Question

The height H of an ball that is thrown straight upward from an initial position 3 feet off the ground with initial velocity of 90 ft./s is given by the equation H equals 3+90 T -16 T squared where t equals time in seconds. After how many seconds will the ball be 84 feet above the ground

Answer 1

Answer:

The ball will be 84 feet above the ground 1.125 seconds and 4.5 seconds after launch.

Step-by-step explanation:

Statement is incorrect. Correct form is presented below:

The height $h(t)$ of an ball that is thrown straight upward from an initial position 3 feet off the ground with initial velocity of 90 feet per second is given by equation $h(t) = 3 +90\cdot t -16\cdot t^{2}$, where $t$ is time in seconds. After how many seconds will the ball be 84 feet above the ground.

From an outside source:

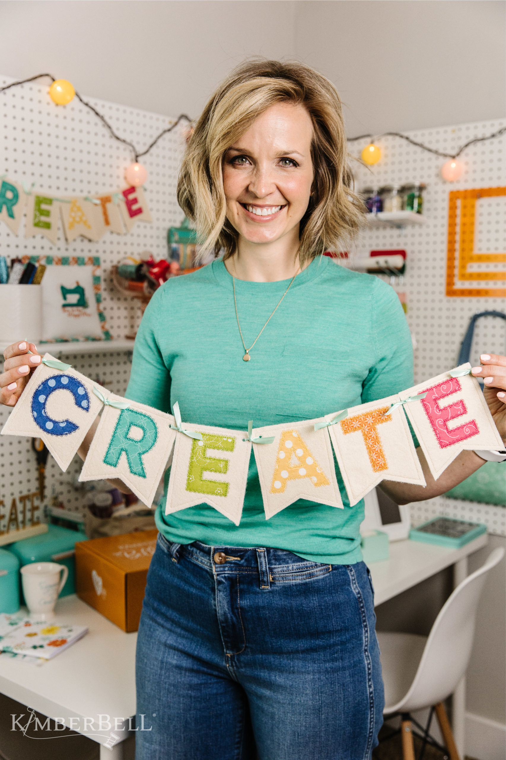 Brighten your creative spaces with Kimberbell’s “Create” Pennant Banner! Stitch cheerful applique letters on a background of creamy Buttermilk Embroidery Felt. , then add eyelet holes to string pennants together.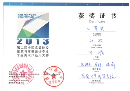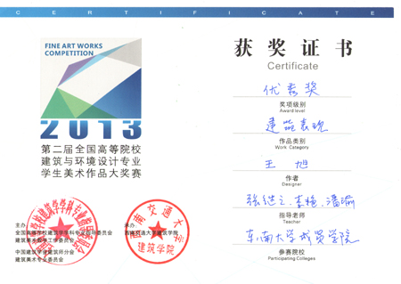 我院建筑與藝術(shù)系學(xué)生在2013年第二屆全國高等院校建筑與環(huán)境設(shè)計專業(yè)學(xué)生美術(shù)作品大賽中獲得佳績。其中,2010級藝術(shù)設(shè)計1班馮源的水粉作品和2009級藝術(shù)設(shè)計2班薛華的速寫作品獲得三等獎,陳穎潔、王旭、馮源等3名學(xué)生的建筑表現(xiàn)、水粉系列作品獲得了優(yōu)秀獎。建筑與藝術(shù)系張繼之、李艷、潘瑜3位老師獲得了優(yōu)秀指導(dǎo)教師獎。

We equalize the kinematic formula to 84 feet and solve the resulting second-order polynomial by Quadratic Formula to determine the instants associated with such height:

$3+90\cdot t -16\cdot t^{2} = 84$

$16\cdot t^{2}-90\cdot t +81 = 0$ (1)

By Quadratic Formula:

$t_{1,2} = \frac{90\pm \sqrt{(-90)^{2}-4\cdot (16)\cdot (81)}}{2\cdot (16)}$

$t_{1} = 4.5\,s$, $t_{2} = 1.125\,s$

The ball will be 84 feet above the ground 1.125 seconds and 4.5 seconds after launch.